The records that follow are to be repeated in full, with no pictures retained.

-- Extracted records --
# # # # #
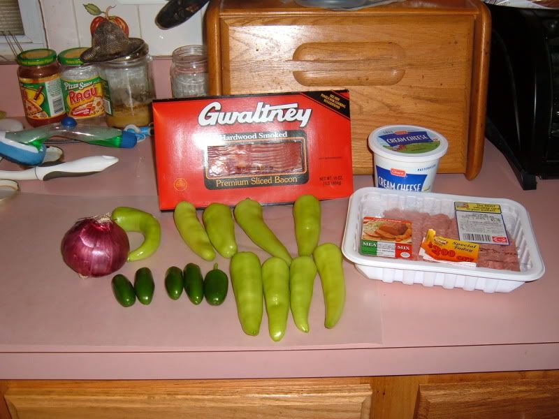 The ABT's that I normally make contain Little smokies or ground beef/ or meat loaf mix with cream cheese and red onions and wrapped in bacon smoked at 225-250° for about 2-2.5 hrs.
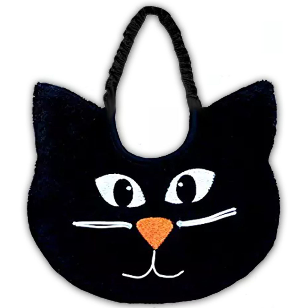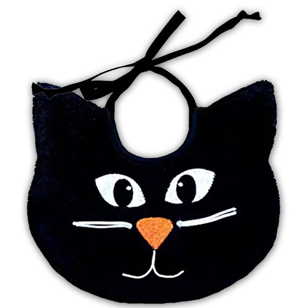 Handgefertigtes, besticktes Lätzchen aus Frottee in Form einer schwarzen Katze
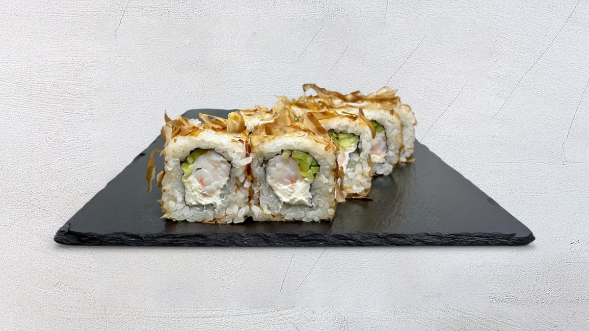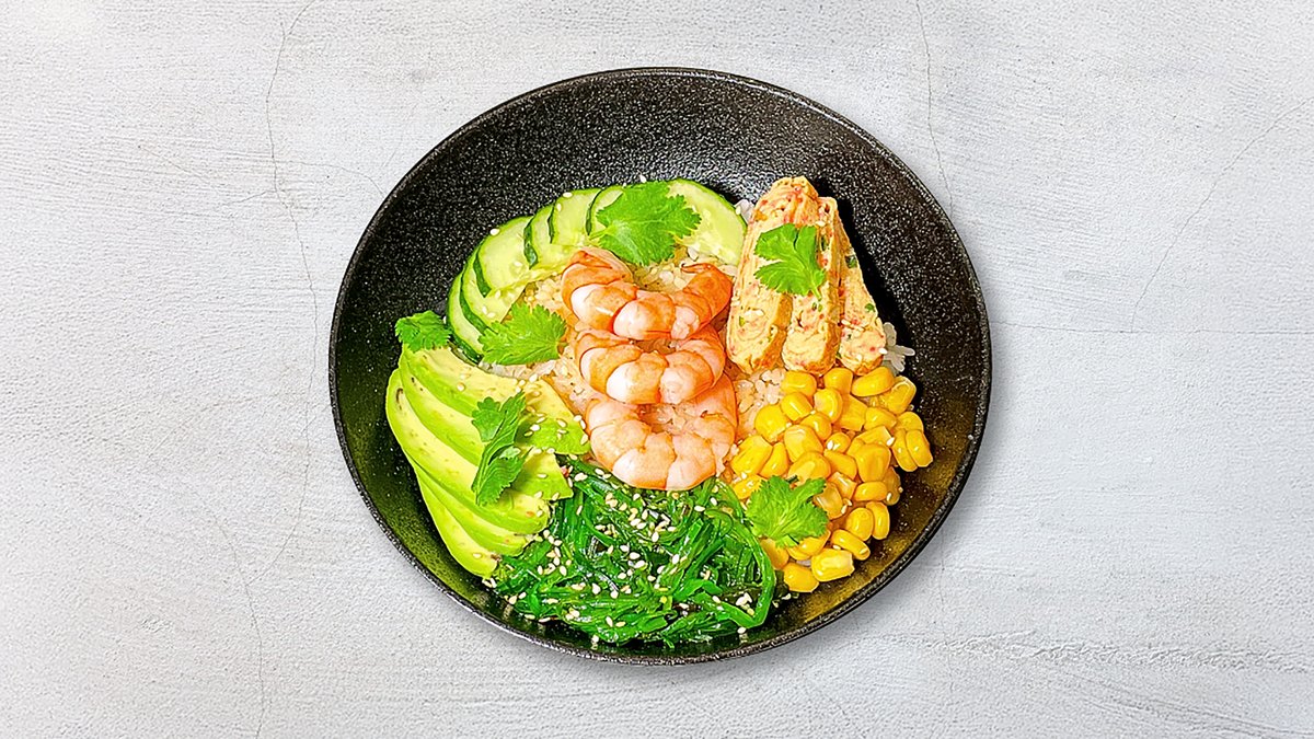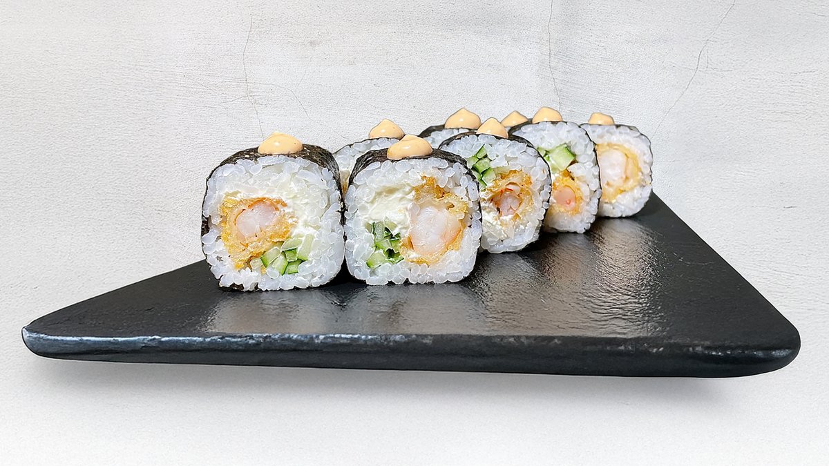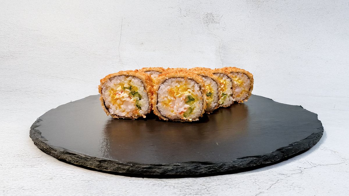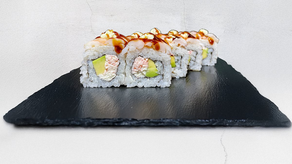 კრევეტი, იაპონური ომლეტი, ავოკადო, კიტრი, ჩუკა, სოიოს სოუსი, სიმინდი, სეზამი, ტკბილ-ცხარე სოუსი, ქინძი, ბრინჯი
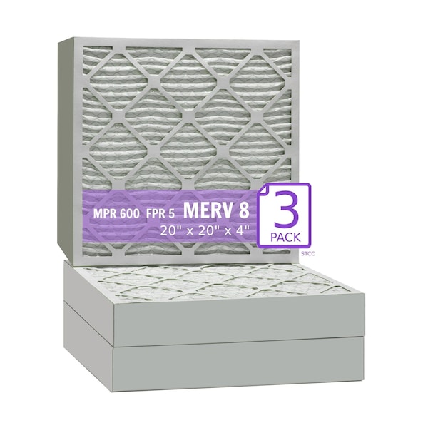 20x20x4 Pleated Air Filter, MERV 8, 3 PK
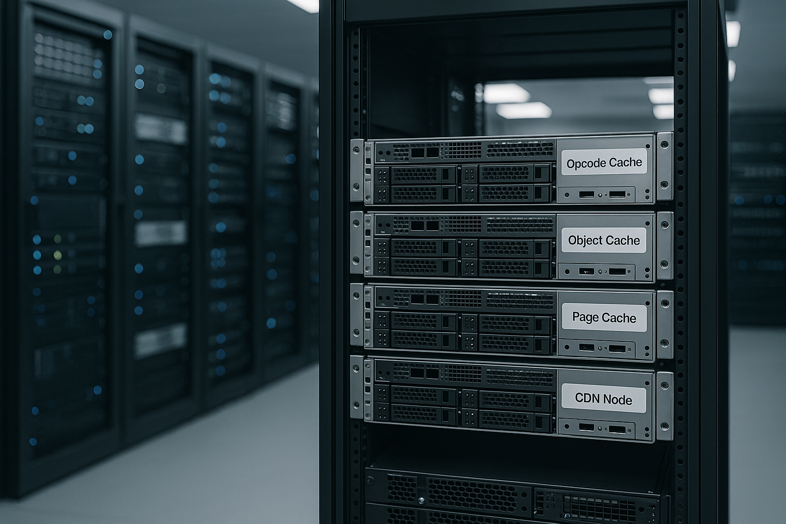 Ich nutze vier Ebenen, um Ladezeiten und Serverlast zu senken: Opcode, Objekt, Page und CDN. Jede Ebene adressiert ein anderes Nadelöhr und arbeitet auf einer eigenen Stufe der Infrastruktur. So spare ich CPU-Zeit bei der Codeausführung, reduziere Datenbankabfragen, liefere HTML direkt aus und bringe Inhalte geografisch näher zum Nutzer. Ich priorisiere zuerst den größten Engpass und ergänze die restlichen Caches schrittweise. Diese klare Reihenfolge macht Optimierung messbar und stabil.
# # # # #
-- Reply to the exercise --
 The ABT's that I normally make contain Little smokies or ground beef/ or meat loaf mix with cream cheese and red onions and wrapped in bacon smoked at 225-250° for about 2-2.5 hrs.
 Handgefertigtes, besticktes Lätzchen aus Frottee in Form einer schwarzen Katze
 კრევეტი, იაპონური ომლეტი, ავოკადო, კიტრი, ჩუკა, სოიოს სოუსი, სიმინდი, სეზამი, ტკბილ-ცხარე სოუსი, ქინძი, ბრინჯი
 20x20x4 Pleated Air Filter, MERV 8, 3 PK
 Ich nutze vier Ebenen, um Ladezeiten und Serverlast zu senken: Opcode, Objekt, Page und CDN. Jede Ebene adressiert ein anderes Nadelöhr und arbeitet auf einer eigenen Stufe der Infrastruktur. So spare ich CPU-Zeit bei der Codeausführung, reduziere Datenbankabfragen, liefere HTML direkt aus und bringe Inhalte geografisch näher zum Nutzer. Ich priorisiere zuerst den größten Engpass und ergänze die restlichen Caches schrittweise. Diese klare Reihenfolge macht Optimierung messbar und stabil.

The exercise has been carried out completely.